Campos, Jaime F. (2007) Multinationals, technology transfer and domestic R&D incentives. PhD thesis, University of Nottingham.
This thesis is a collection of four essays which aim to make a contribution to the theoretical analysis of the impact that flows of FDI have on fast growing developing countries, in which foreign firms not only invest but also set up R&D facilities. More precisely, we study these issues in a context in which both the mode of foreign expansion and the incentives to innovate are endogenously determined.

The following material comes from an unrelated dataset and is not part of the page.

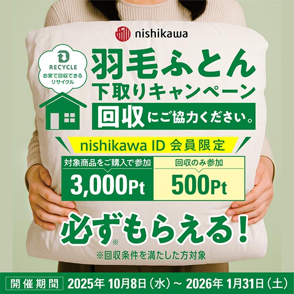 対象の羽毛ふとんを税込30,000円以上ご購入のうえ、お手持ちの羽毛ふとんを下取りに出していただいた方に「nishikawaポイント」3,000ptをプレゼント!
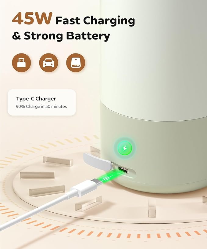 - Fast Charging & Long Battery Life: With 45W fast charging and 14800mAh battery, this milk warmer can be fully charged to 90% in just 1 hour. Perfect for all-day use of this portable milk warmer.

In particular, this thesis intends to contribute to answer the following key questions:
1. What is the impact that subsidiaries of Multinational Corporations (MNC) have on some of the key determinants for the host country technological development (e.g. Research and Development investment)?
2. What are the welfare implications of the different ways in which the MNC can serve the local economy (e.g. Exports, Subsidiary)?
3. What mechanisms can host countries implement to increase the benefits of the presence of MNC?
Chapter 1 surveys the theoretical literature on the impact that the presence of MNC have on the host country economy, in particular on his technological development. This chapter identifies gaps in the theoretical literature that this thesis intends to fill up. Chapters 2, 3 and 4 develop theoretical models that analyse the strategic interaction between a MNC and a domestic firm. The analysis focuses on the effect of this interaction on the incentives that domestic firms have to undertake R&D investment. Also, we analyse the impact of the different scenarios on the domestic welfare and obtain implications on industrial policy. A common feature of these models is the utilisation of a game theoretic approach. We analyse multistage oligopoly models where firms choose simultaneously R&D investment and prices (or output) in the second and third stages, while in the first stage the foreign firm decide the mode of serving the domestic market: either by exporting or Foreign Direct Investment. Chapter 2 analyses these issues in the context of a vertically differentiated market, chapter 3 in the context of a horizontally differentiated product with R&D spillovers from the Multinational Corporation Subsidiary to the domestic firm. Finally, chapter 4 investigates research joint ventures in a duopoly market with R&D spillovers and the presence of a MNC's subsidiary.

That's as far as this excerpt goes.